Потом был поход на Чехию. В Чехии пришлось сдаться американцам. В плену пробыл год и 9 дней. «Я записался поправлять электричество в бараках и за это получал лишнюю порцию. Там на кухне кошка кормила грудью мышонка», – вспоминает Павел Михайлович. «Но как выдавали американцы Советам… (плачет). Они выдавали очень много, 3 000 безоружных людей бросили в камеоны, из которых текла кровь — русские солдаты резали себя. Однофамилец полковник Наумов прибил свою руку к столу, но его бросили в машину вместе со столом… Иногда ночью снится. Такой вот был конец войны. А потом отпустили. Повезли в город Пасау на Дунае — и катитесь куда хотите».
В Мюнхене у Павла Михайловича был очень хороший друг, Валентин Иванович Сонев, приват-доцент московского политехникума. Он скрашивал жизнь в плену, всегда находя интересные темы, например, «Философический подход к атомной бомбе». Сонев был замечательным электротехником. Павел Михайлович многому у него научился. В плену он выучился водить машину, освоил портняжное дело. Впоследствии своей невесте Любе он сшил халат, какой в магазине не купишь, смастерил стеганое одеяло из клетчатого материала, которое сохранилось у нее со времен «остовского» лагеря. Любовь Сергеевна вспоминает: «Какой красивый узор Павел сделал на этом одеяле!»
«Кадеты и сейчас поддерживают связь. У нас много лет выходил журнал «Кадетская перекличка», — говорит Павел Михайлович. — Один из первых кадетских корпусов, заново открытых в России, был в Новочеркасске. В 1995 г. Павел Михайлович был там, помогал им с устройством музея, восстанавливал старые кадетские песни.

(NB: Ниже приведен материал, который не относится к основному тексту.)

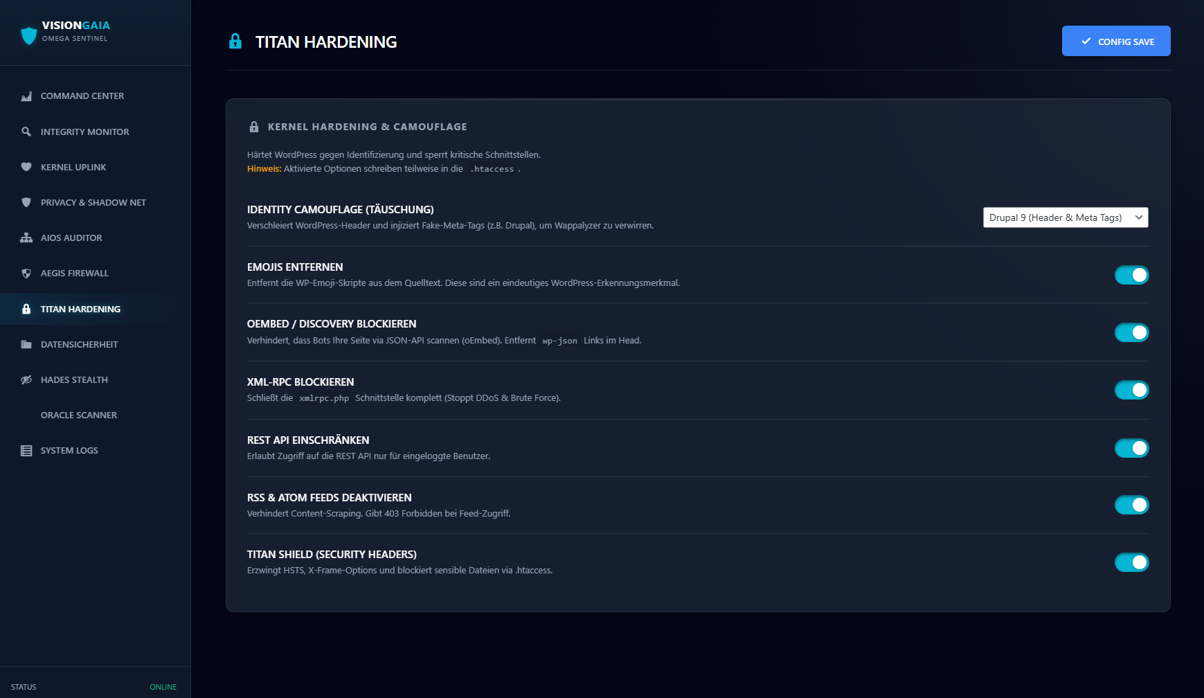Die meisten Webseiten werden gehackt, weil Plugins unsicher sind oder die DSGVO ignoriert wird. Sentinel verbindet technische Sicherheit (Hades/Cerberus) mit rechtlicher Immunität (Vision Legal Pro).
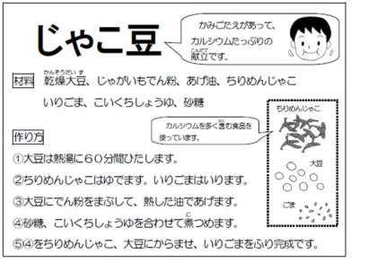 ・鶏肉と野菜の煮もの ・じゃこ豆
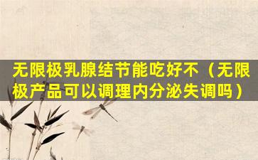 无限极是一家中国的保健品公司,其产品主要以中草药为基础,声称能够帮助改善健康状况。关于乳腺结节是否能够通过食用无限极产品得到治愈,需要谨慎对待。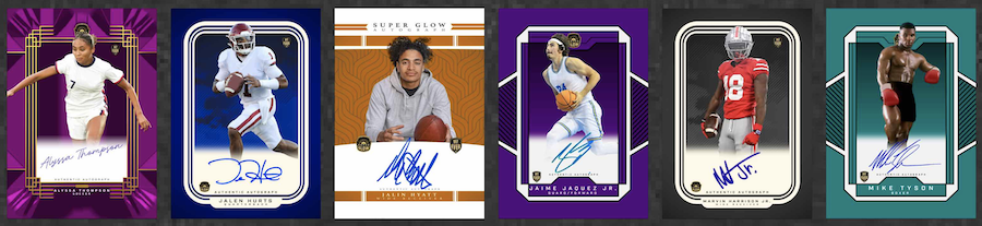 What's buzz-worthy: Super Glow once again turns to a one-auto-per-box approach with a new multi-sport release packed with star power. How much? Each case will include one of the names you see above and there will be Hot Cases with a 1/1 card in every box out there, too.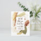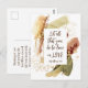 Cartão postal de citação inspiracional retrata um elegante design abstrato moderno em cores de moda quente de azul, ameixa e bege com flores de arte de linha dourada. Apresenta Bíblia Verso 1 Corintianos 16:14, "Deixe que tudo o que você faz seja feito no amor."_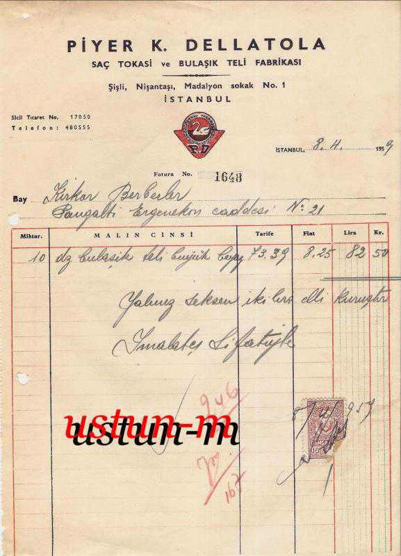 ** PİYER K.DELLATOLA SAÇ TOKASI VE BULAŞIK TELİ FABRİKASI ** 8 Haziran 1959 tarihli,çok temiz durumda,tek damga pullu, büyük beyaz bulaşık teli temalı döneminin orijinal faturalarından...
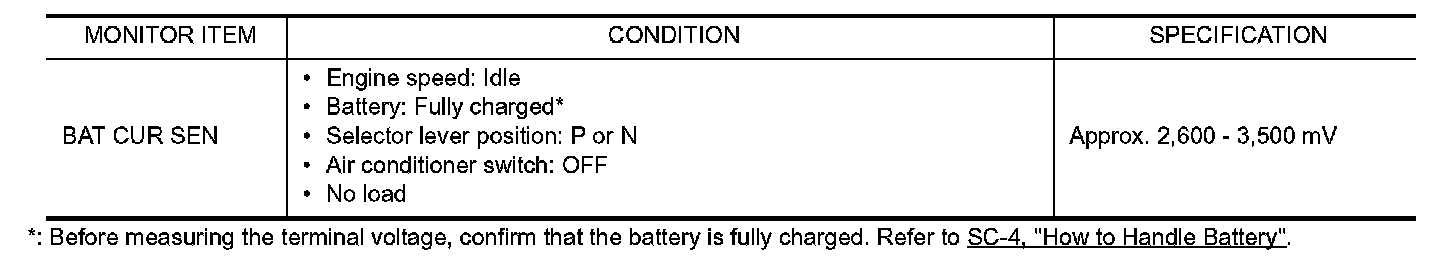 2. Select "BAT CUR SEN" in "DATA MONITOR" mode with CONSULT-III.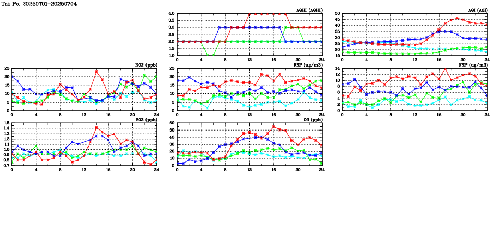 | Air Quality Data Time Series in Tai Po (2025/07/04) | ( Line colors: Day -3 Day -2 Day -1 Current day ) | 2D Map Current AQHI |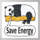Rett Energy Panda zeigt einen flachen Panda mit der Redewendung "Rett Energy" unten. Eine Empfehlung für Energieeffizienz, dieser Panda ist eindeutig in der Energie rettend Modus.

Вспоминая Югославию, Павел Михайлович оживлялся. «В Сплите через дорогу от нас жил некто «дедо». У него был вид настоящего Карла Маркса. А там улицы узкие, можно было через дорогу разговаривать. Мы жили на Марьянской улице. Как-то дедо сказал, что хочет познакомить меня с великим человеком – Иосифом Брос Тито. Пришли на площадь, где был митинг. Выходит человек с большой морщиной между глаз. Я поздоровался с этим Тито. У него на левой руке недоставало нескольких пальцев. Он очень плохо говорил по-хорватски. А потом исчез. И когда уже Тито стал великим вождем, я прочитал в журнале «Лайф», что он играл на рояле и на скрипке. Как это было возможно без пальцев?! Оказалось, все очень просто. В одном из боев в горах Словении один Тито был убит, появился другой. Эту же кличку носили несколько руководителей тайной интернациональной террористической организации «ТИТО».
Со своей женой, Любой, дочерью священника отца Сергия Щукина, Павел встретился в Англии после войны.
Жизнь Любови Сергеевны тоже была очень непростой. Ее отец был арестован за религиозную деятельность, когда ей было 9 лет. Через год арестовали и мать. Обоих отправили в ссылку. Из ссылки они вернулись перед войной. Любовь Сергеевна вспоминает: «Когда папу арестовали, маме пришлось работать на двух ставках, и Катю (младшую сестру, еще младенца) забрала в Ростов ее крестная мать. Теперь у нее была «мама дорогая» и «мама родненькая». Крестная ревновала Катю к родной матери, и из-за этого они не могли вместе жить. В благодарность мама после ссылки оставила Катю крестной матери».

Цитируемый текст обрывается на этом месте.